As Abra said, humidity is a good thing. Personally though I do not like the cypress mulch because it is too thick and can be very sharp. I tend to use a coir/sand mix or coir/top soil mix. Those are just my opinions though.

Tyler


----------



## Yvonne G (Dec 7, 2010)

Hi Taelor:

Welcome to the forum!!


----------



## TLL (Dec 8, 2010)

for my greeks, i use cypress, but i am going to change, a while later, to a 50 50 mix of topsoil and playsand.
humidity is a good thing, but too much of it can be bad.. just make sure that the tort is warm and has somewhere dry to go


----------



## Yvonne G (Dec 8, 2010)

It will dry out eventually.

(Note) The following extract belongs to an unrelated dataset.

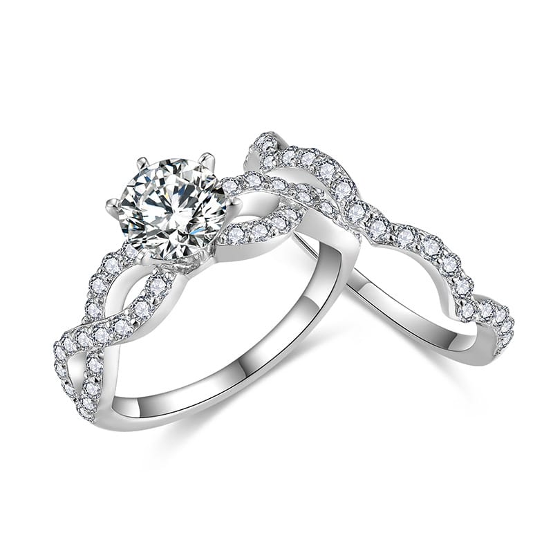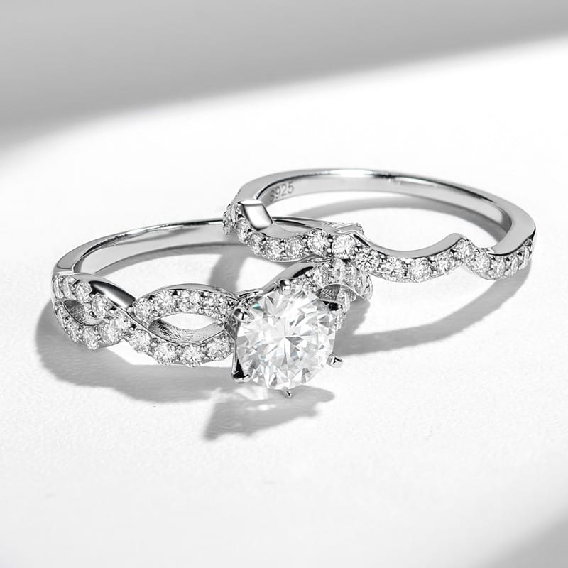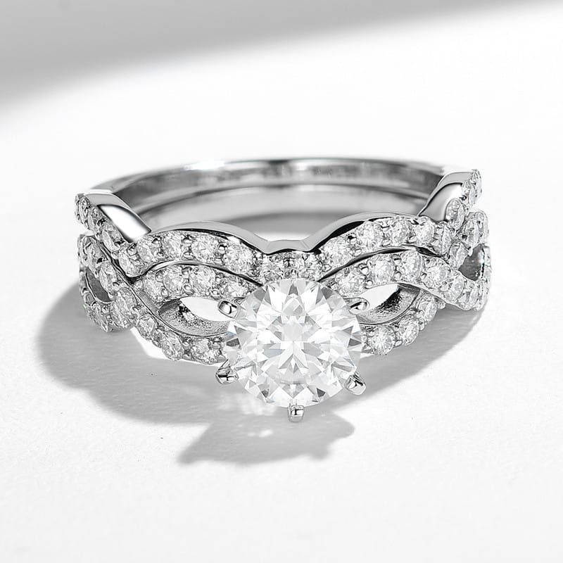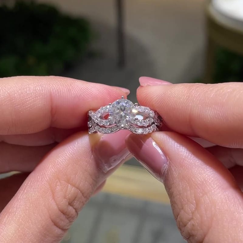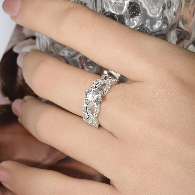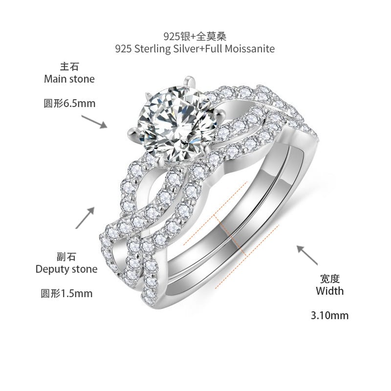 【莫桑鑽】二合一疊戴波浪排戒1+0.8克拉S925銀鍍白金戒指

If you don't like it to be too moist, just don't add water after it dries out. Give it a couple days under the lights and it will be plenty dry.


----------



## ALDABRAMAN (Dec 9, 2010)

Welcome.


----------



## Jacqui (Dec 9, 2010)

Welcome! Congrats on the new Russian!! Is he your first tortoise experience? I personally like the coir (Bed-a-beast bricks) and a bit of sand myself. Mine love a nice deep layer to dig into.


----------



## pugsandkids (Dec 10, 2010)

Firstly, welcome!
My russian has been on cypress mulch/coir, but last weekend I had to put him on sand/orchid bark. I don't like the newest combo at all, so I'll be going back to the cypress mix. Its true that as long as he's got a warm place, he'll be okay. and it'll dry out a bit under the lights.


----------



## russianhenry (Dec 15, 2010)

Alright thanks everyone for the response. I think Im just going to stick with the coir bricks and some sand.


----------